▶ _AIM OF THE EXERCISE_:
Every line below from the one containing "Photo: László Nagy" through the one containing "ఇసుక నియంత్రణ చర్యల్లో" must be transcribed exactly. Omit all lines outside that stretch.

▶ _DATA PROVIDED_:
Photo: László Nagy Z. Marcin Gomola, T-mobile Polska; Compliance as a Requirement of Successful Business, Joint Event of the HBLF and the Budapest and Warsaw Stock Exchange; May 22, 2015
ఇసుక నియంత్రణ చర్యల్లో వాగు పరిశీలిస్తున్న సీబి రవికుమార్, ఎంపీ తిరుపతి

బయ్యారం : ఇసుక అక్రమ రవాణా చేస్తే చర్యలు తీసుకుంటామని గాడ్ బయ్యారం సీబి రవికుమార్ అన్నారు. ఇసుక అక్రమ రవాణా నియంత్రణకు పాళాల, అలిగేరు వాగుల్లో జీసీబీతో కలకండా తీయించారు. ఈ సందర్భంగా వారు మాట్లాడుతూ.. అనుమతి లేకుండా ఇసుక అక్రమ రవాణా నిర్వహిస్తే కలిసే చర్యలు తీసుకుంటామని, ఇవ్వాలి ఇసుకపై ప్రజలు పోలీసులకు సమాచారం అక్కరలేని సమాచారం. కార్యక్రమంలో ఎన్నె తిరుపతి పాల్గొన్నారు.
---
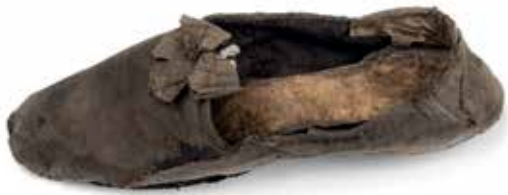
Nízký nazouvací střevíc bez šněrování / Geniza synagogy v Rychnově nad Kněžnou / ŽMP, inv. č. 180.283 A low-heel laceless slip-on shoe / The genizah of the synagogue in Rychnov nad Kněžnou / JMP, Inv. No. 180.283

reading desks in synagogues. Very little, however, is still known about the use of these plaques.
---
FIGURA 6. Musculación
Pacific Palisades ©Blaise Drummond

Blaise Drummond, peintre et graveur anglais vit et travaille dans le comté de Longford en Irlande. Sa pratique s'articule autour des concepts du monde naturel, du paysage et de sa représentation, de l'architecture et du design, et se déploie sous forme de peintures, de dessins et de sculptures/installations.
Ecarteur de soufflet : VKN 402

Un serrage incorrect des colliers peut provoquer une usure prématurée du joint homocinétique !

▶ _ANSWER BOX_:
Photo: László Nagy Z. Marcin Gomola, T-mobile Polska; Compliance as a Requirement of Successful Business, Joint Event of the HBLF and the Budapest and Warsaw Stock Exchange; May 22, 2015
ఇసుక నియంత్రణ చర్యల్లో వాగు పరిశీలిస్తున్న సీబి రవికుమార్, ఎంపీ తిరుపతి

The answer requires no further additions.